Tim Kennedy Brings Up Important Point on 'Gun Violence'

AP Photo/Brittainy Newman

For a lot of people, it seems obvious that the issues we have in this country are the result of our gun laws being too lenient. Yes, the Second Amendment protects the right to keep and bear arms, but that isn't a suicide pact, they argue. We should have some restrictions or else we're going to have bigger problems.


In fact, every failure of gun control tends to be ascribed not to gun control failing, but to there just not being enough of it.

But former UFC fighter and Special Forces sniper Tim Kennedy isn't buying that.

Never one to shy away from offering his opinions, he's taking issue with a lot of the rhetoric around gun control.
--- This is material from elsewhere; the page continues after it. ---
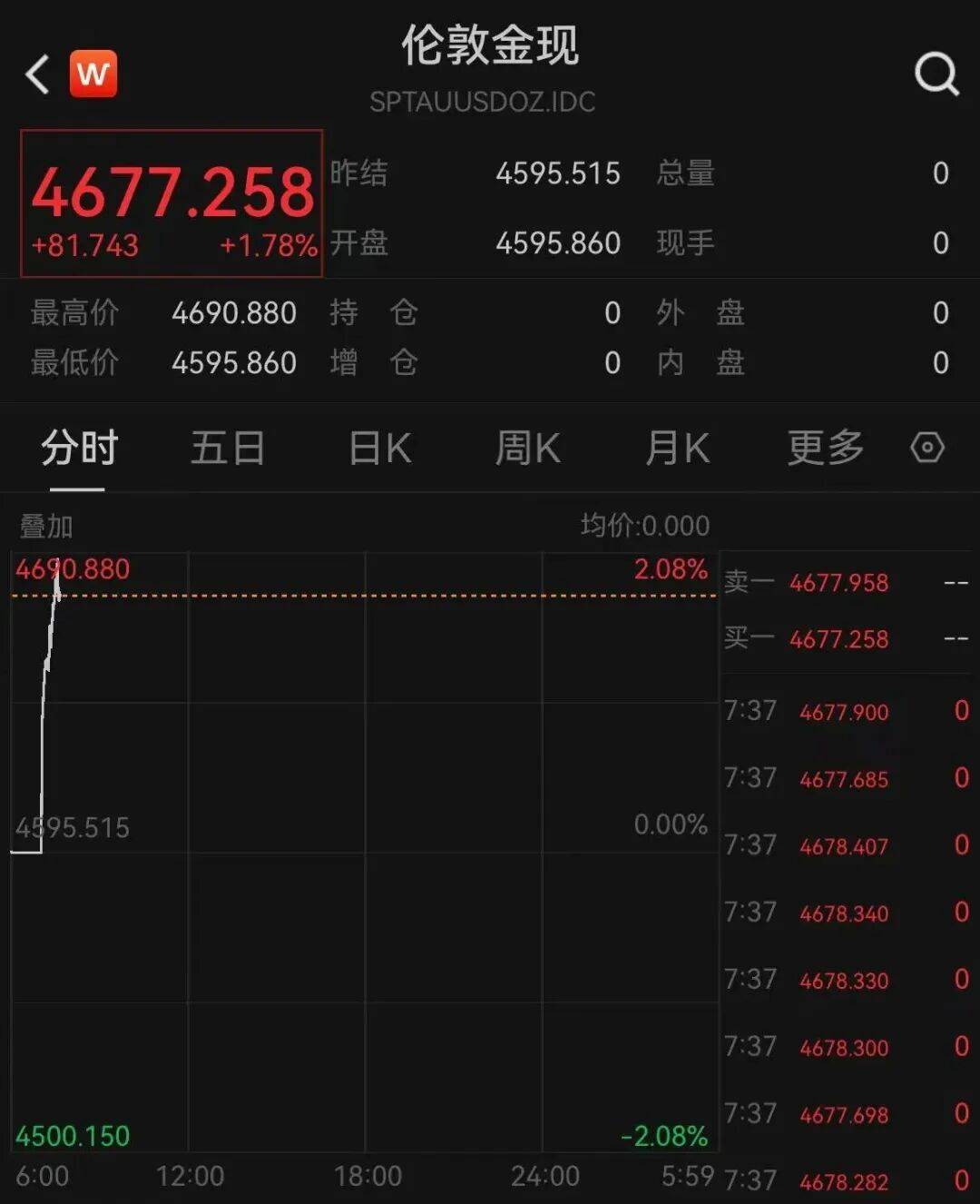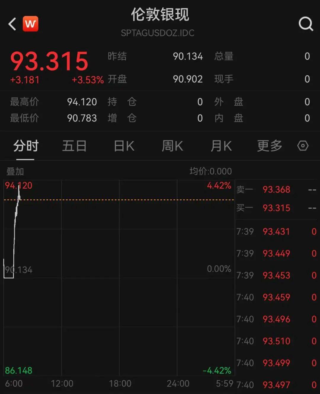现货黄金盘中涨超2%,突破4690美元/盎司,COMEX黄金涨超2%。白银价格上涨更为突出,伦敦银现向上触及94美元/盎司,日内上涨超4.4%,COMEX白银涨超5%,盘中最高触及94.365美元/盎司。均创历史新高。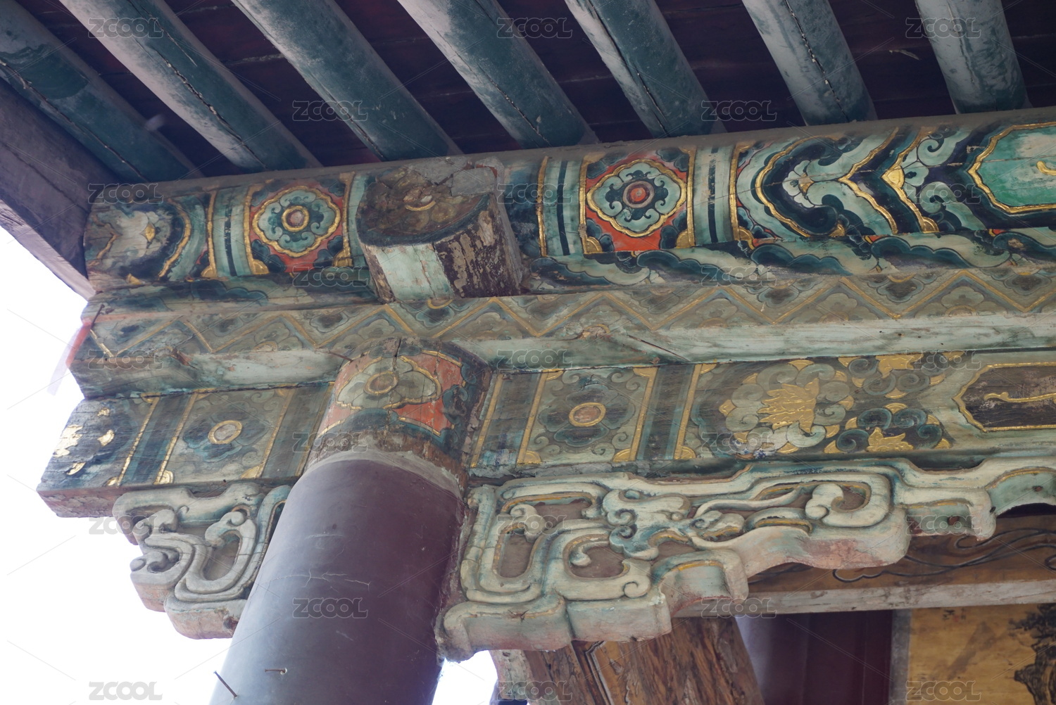 古建筑飞檐斗拱彩绘特写

I mean, he's not wrong. It's a bit simplistic, but it's not inaccurate.

Honduras has a terrible homicide rate despite massive amounts of gun control. While Switzerland does have gun control as well, there's also plenty of firearms in people's homes and they have practically no homicides.

Many people will argue that this is a bad comparison due to economics, but I actually agree with Kennedy that the issue is cultural.

Switzerland has a culture of respecting people's lives. They don't tolerate criminality and don't accept anything less than good behavior from their citizens.

Honduras...isn't like that at all.

This isn't the first time Kennedy has offered his thoughts on the problems we face and it's not the first time he made a valid point on the subject, either.


Back in 2019, Kennedy made an appearance on FOX News to express his belief that the lack of masculinity being instilled in the young of this generation was the real cause of the surge of mass shootings in the US, rather than ease with which Americans can obtain automatic firearms.

He said:

''There is not enough masculinity, What we are doing to our boys now is stunting them. We are built, hard-wired to do incredible things -protect is one of them.''

Kennedy added:

''Everyone is made different, but men have to be men. And boys grow up to be men. You have to allow them to do that.''

I mean, he's making a valid observation here. We've devalued masculinity's protective instincts by devaluing masculinity itself. (This piece is stupid for saying we have easy access to automatic weapons, rather than semi-automatics, but it's a sports site. What can you expect?)

Yet I can't ignore the fact that Honduras has a machismo culture whereas Switzerland is more likely to follow the most passive version of "masculinity" that's so common in Europe. The difference here, though, is that Swiss men are more likely to settle their disagreements with either words or fists, whereas Honduran men prefer to settle them more permenantly.


That's not good, and it mirrors much of what we see here in the United States, where the homicide rate is typically higher in communities with a similar honor culture, where insults must be met with violence.

The issue, though, is that Honduras has tons of gun control, yet none of that is doing anything at all to prevent the bloodshed.

Switzerland has a ton of guns, and fewer homicides than on your typical children's television program.

Somehow, I think that lesson will go right over some people's heads.